PROVIDED DATA —
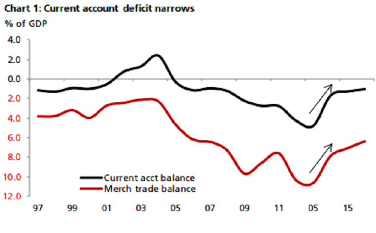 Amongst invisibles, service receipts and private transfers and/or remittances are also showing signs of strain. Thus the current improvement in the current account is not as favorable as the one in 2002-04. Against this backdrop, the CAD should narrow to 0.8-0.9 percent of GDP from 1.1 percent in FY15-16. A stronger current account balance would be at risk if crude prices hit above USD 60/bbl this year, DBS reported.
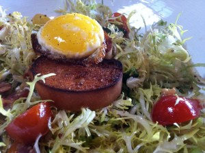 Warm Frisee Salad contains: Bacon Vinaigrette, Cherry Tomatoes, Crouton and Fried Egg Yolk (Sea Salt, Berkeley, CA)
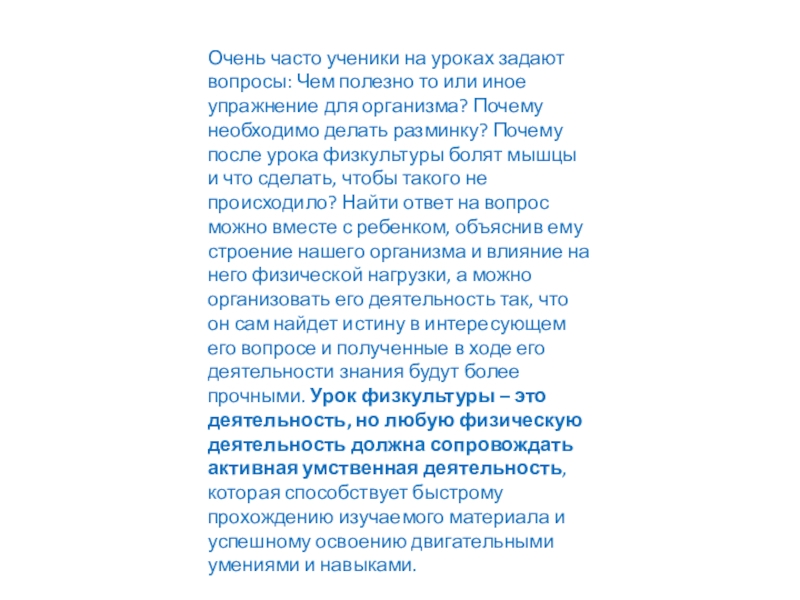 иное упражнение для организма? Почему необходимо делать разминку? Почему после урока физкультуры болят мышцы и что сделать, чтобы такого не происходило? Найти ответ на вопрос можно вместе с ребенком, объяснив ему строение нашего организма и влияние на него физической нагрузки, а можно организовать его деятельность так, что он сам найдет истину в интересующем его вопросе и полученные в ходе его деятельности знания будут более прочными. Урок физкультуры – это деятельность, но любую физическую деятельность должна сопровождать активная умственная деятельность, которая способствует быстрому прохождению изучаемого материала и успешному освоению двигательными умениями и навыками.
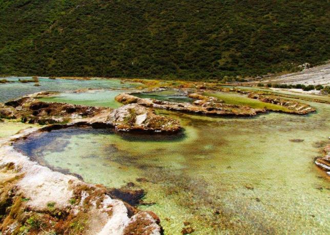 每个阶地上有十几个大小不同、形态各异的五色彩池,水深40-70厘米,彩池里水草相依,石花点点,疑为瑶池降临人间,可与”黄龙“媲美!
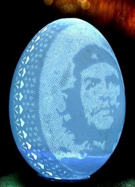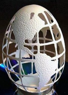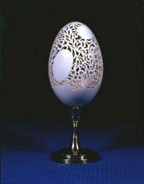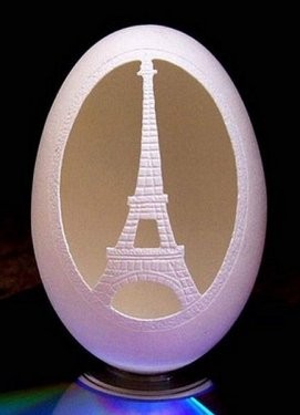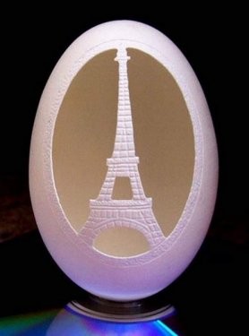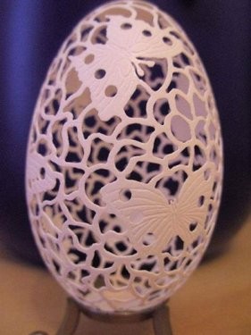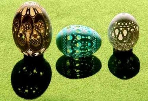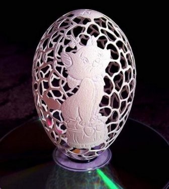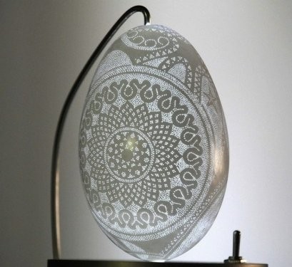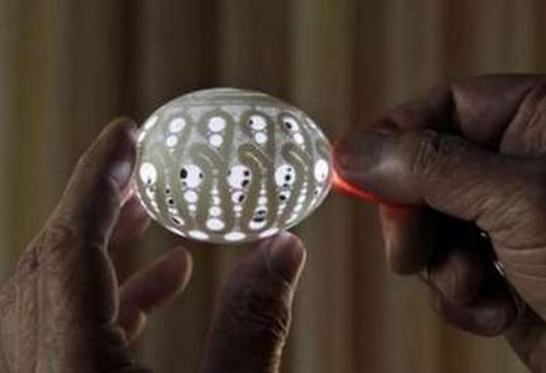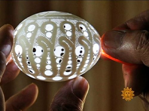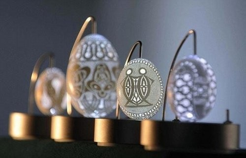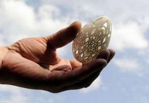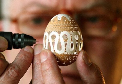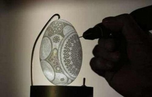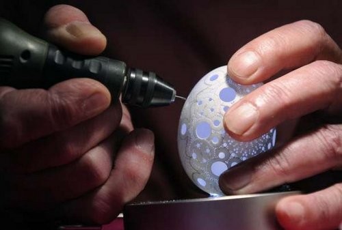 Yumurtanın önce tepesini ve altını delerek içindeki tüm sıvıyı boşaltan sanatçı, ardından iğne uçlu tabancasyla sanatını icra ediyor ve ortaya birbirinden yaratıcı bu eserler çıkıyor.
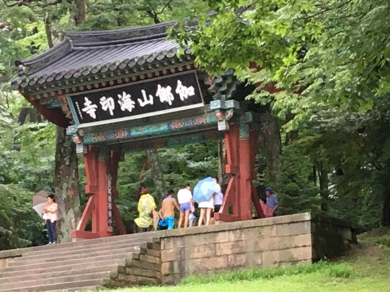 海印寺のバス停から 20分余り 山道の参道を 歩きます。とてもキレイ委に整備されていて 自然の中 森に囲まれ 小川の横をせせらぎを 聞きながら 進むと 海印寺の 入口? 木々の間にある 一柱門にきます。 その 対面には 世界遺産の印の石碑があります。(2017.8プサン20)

* * *

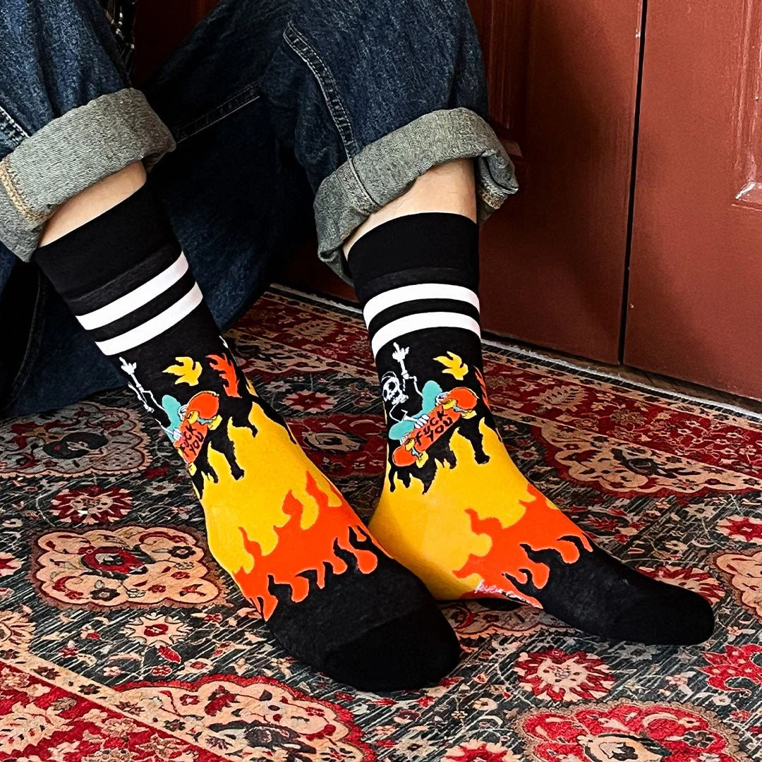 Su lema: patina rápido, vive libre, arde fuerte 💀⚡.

* * *

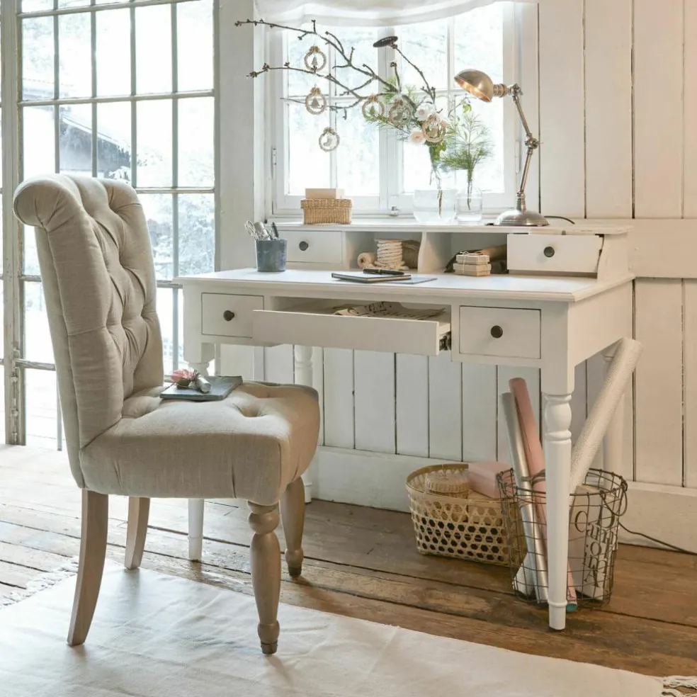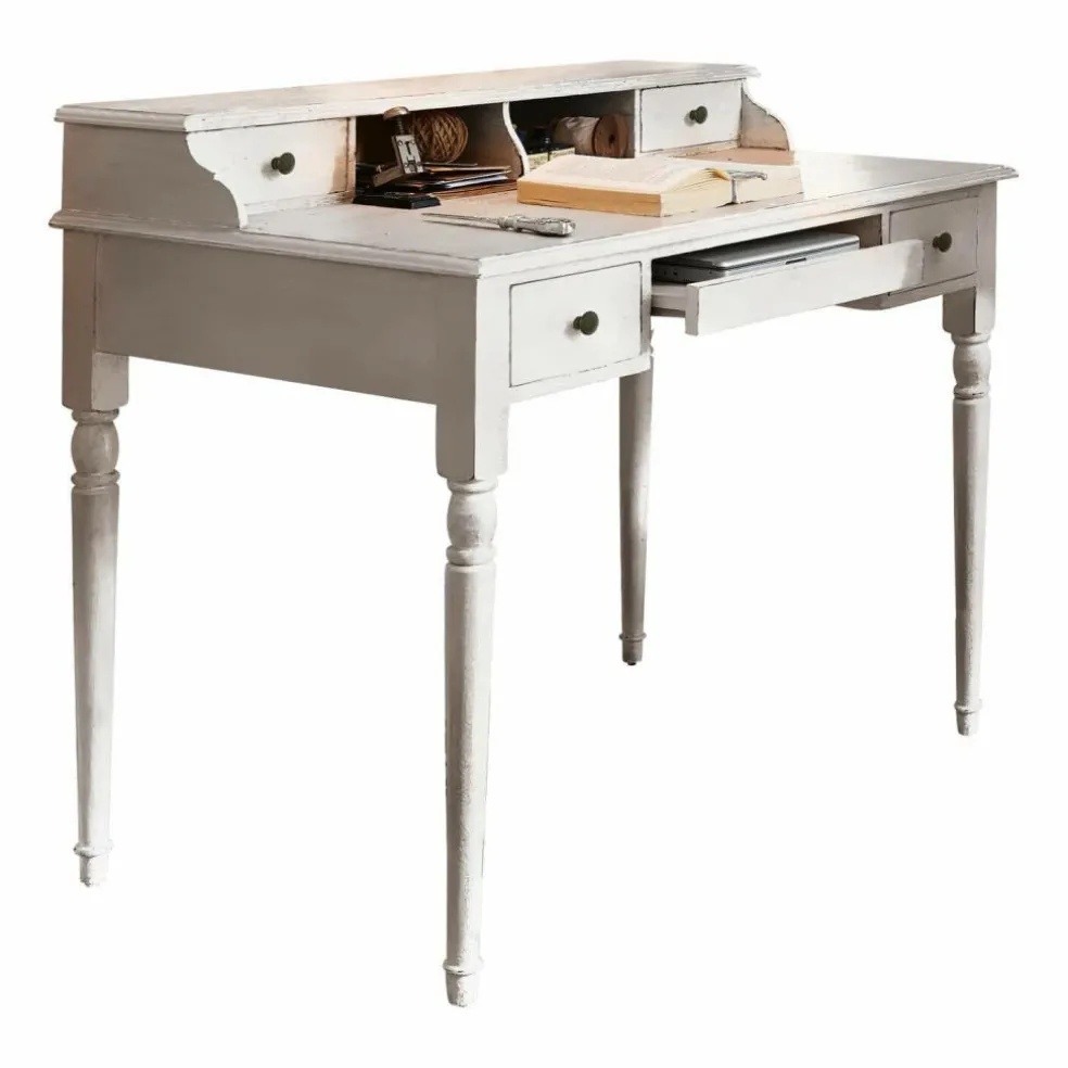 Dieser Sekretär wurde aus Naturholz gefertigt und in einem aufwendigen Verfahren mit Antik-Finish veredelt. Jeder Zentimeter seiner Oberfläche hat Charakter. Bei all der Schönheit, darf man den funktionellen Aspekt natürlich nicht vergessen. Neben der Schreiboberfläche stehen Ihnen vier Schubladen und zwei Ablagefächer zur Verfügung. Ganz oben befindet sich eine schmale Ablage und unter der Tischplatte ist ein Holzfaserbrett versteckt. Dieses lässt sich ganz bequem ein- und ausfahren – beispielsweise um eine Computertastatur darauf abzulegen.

WHAT YOU NEED TO DO —
Set down, exactly as written above, each line from the one with "Amongst invisibles, service" through the one with "海印寺のバス停から 20分余り 山道の参道を", and skip the pictures.

RESPONSE FOR THIS EXERCISE —
 Amongst invisibles, service receipts and private transfers and/or remittances are also showing signs of strain. Thus the current improvement in the current account is not as favorable as the one in 2002-04. Against this backdrop, the CAD should narrow to 0.8-0.9 percent of GDP from 1.1 percent in FY15-16. A stronger current account balance would be at risk if crude prices hit above USD 60/bbl this year, DBS reported.
 Warm Frisee Salad contains: Bacon Vinaigrette, Cherry Tomatoes, Crouton and Fried Egg Yolk (Sea Salt, Berkeley, CA)
 иное упражнение для организма? Почему необходимо делать разминку? Почему после урока физкультуры болят мышцы и что сделать, чтобы такого не происходило? Найти ответ на вопрос можно вместе с ребенком, объяснив ему строение нашего организма и влияние на него физической нагрузки, а можно организовать его деятельность так, что он сам найдет истину в интересующем его вопросе и полученные в ходе его деятельности знания будут более прочными. Урок физкультуры – это деятельность, но любую физическую деятельность должна сопровождать активная умственная деятельность, которая способствует быстрому прохождению изучаемого материала и успешному освоению двигательными умениями и навыками.
 每个阶地上有十几个大小不同、形态各异的五色彩池,水深40-70厘米,彩池里水草相依,石花点点,疑为瑶池降临人间,可与”黄龙“媲美!
 Yumurtanın önce tepesini ve altını delerek içindeki tüm sıvıyı boşaltan sanatçı, ardından iğne uçlu tabancasyla sanatını icra ediyor ve ortaya birbirinden yaratıcı bu eserler çıkıyor.
 海印寺のバス停から 20分余り 山道の参道を 歩きます。とてもキレイ委に整備されていて 自然の中 森に囲まれ 小川の横をせせらぎを 聞きながら 進むと 海印寺の 入口? 木々の間にある 一柱門にきます。 その 対面には 世界遺産の印の石碑があります。(2017.8プサン20)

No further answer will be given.